#### Records for processing:
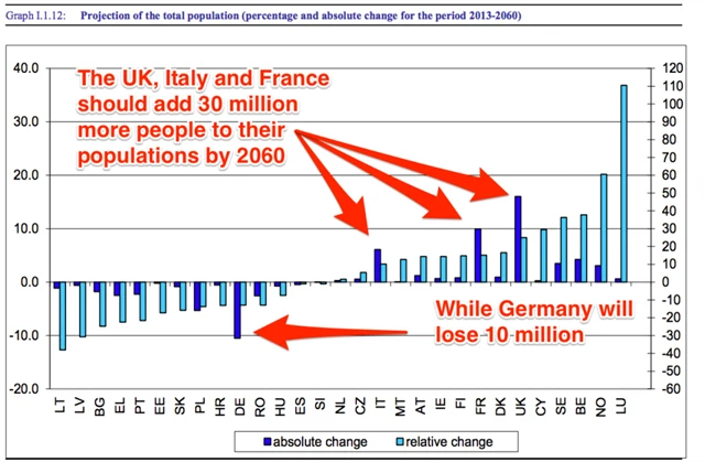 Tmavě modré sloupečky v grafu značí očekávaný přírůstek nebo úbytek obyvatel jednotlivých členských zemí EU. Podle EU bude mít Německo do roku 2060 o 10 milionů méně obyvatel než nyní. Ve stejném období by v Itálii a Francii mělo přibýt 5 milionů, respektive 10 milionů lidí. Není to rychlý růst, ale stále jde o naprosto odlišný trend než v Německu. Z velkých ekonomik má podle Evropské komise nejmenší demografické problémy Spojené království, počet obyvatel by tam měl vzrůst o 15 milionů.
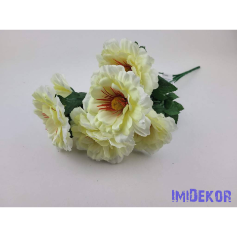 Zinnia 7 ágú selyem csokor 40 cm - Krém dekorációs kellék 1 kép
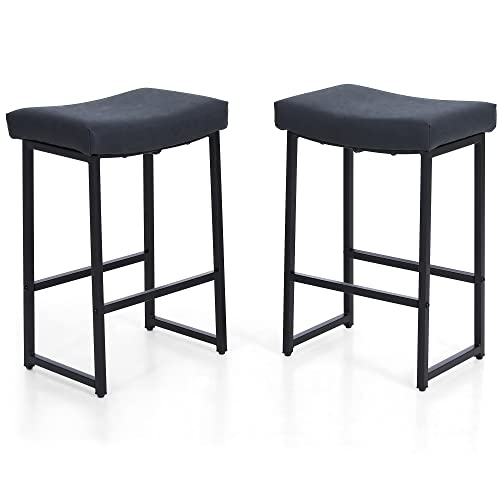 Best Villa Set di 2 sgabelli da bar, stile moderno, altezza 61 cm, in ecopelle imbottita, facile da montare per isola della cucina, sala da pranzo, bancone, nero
* * *
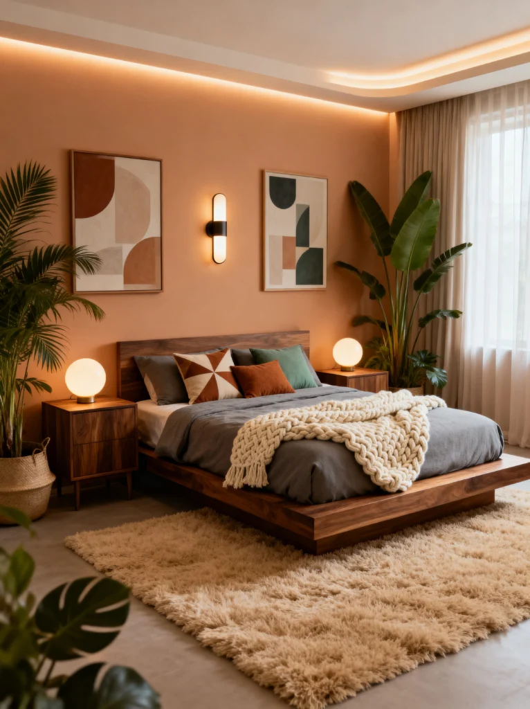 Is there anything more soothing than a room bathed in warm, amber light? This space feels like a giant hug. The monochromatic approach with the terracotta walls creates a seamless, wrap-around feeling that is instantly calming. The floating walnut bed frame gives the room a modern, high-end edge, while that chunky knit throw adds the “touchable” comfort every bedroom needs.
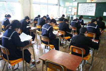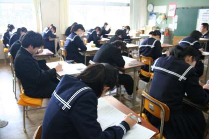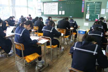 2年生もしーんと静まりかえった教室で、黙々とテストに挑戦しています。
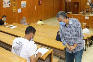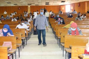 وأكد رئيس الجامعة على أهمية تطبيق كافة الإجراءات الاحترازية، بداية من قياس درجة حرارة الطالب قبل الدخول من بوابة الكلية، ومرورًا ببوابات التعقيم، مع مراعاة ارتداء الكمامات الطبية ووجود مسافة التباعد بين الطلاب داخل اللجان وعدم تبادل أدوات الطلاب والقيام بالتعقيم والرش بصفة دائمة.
---
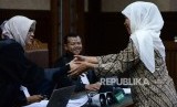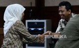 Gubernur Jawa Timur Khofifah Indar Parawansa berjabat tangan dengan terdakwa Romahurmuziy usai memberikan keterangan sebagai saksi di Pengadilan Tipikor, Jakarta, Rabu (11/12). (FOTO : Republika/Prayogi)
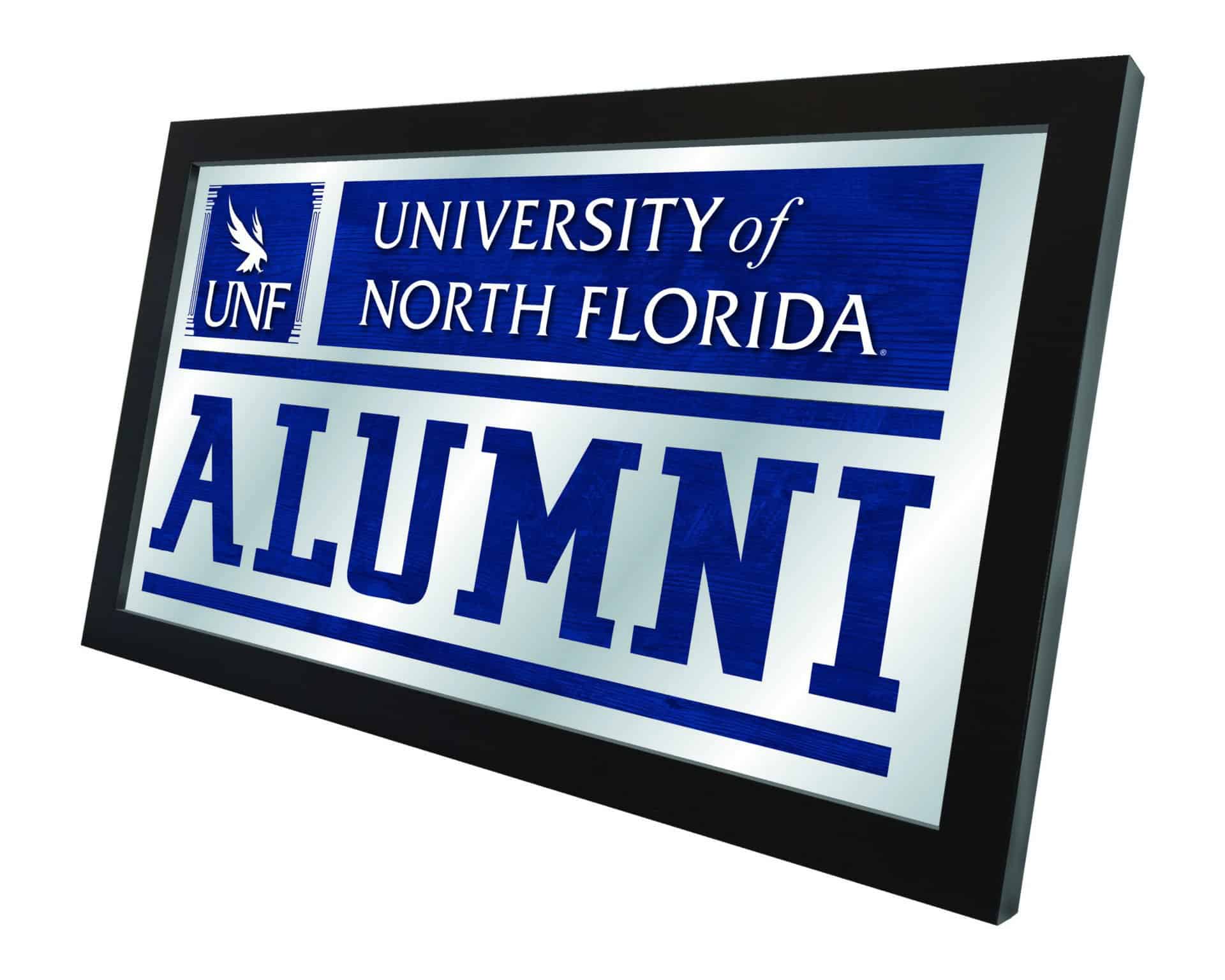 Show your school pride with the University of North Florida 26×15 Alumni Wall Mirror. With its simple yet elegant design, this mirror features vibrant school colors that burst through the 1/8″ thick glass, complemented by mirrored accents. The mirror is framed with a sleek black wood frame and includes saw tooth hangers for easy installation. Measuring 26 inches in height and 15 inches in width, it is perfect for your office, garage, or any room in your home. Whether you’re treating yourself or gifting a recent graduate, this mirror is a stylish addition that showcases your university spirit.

#### What the task asks:
Give back exactly the lines of the listing above from the one that contains "Tmavě modré sloupečky" up to and including the one that contains "Best Villa Set", but not the pictures, and no other lines.

#### Solution to the problem:
 Tmavě modré sloupečky v grafu značí očekávaný přírůstek nebo úbytek obyvatel jednotlivých členských zemí EU. Podle EU bude mít Německo do roku 2060 o 10 milionů méně obyvatel než nyní. Ve stejném období by v Itálii a Francii mělo přibýt 5 milionů, respektive 10 milionů lidí. Není to rychlý růst, ale stále jde o naprosto odlišný trend než v Německu. Z velkých ekonomik má podle Evropské komise nejmenší demografické problémy Spojené království, počet obyvatel by tam měl vzrůst o 15 milionů.
 Zinnia 7 ágú selyem csokor 40 cm - Krém dekorációs kellék 1 kép
 Best Villa Set di 2 sgabelli da bar, stile moderno, altezza 61 cm, in ecopelle imbottita, facile da montare per isola della cucina, sala da pranzo, bancone, nero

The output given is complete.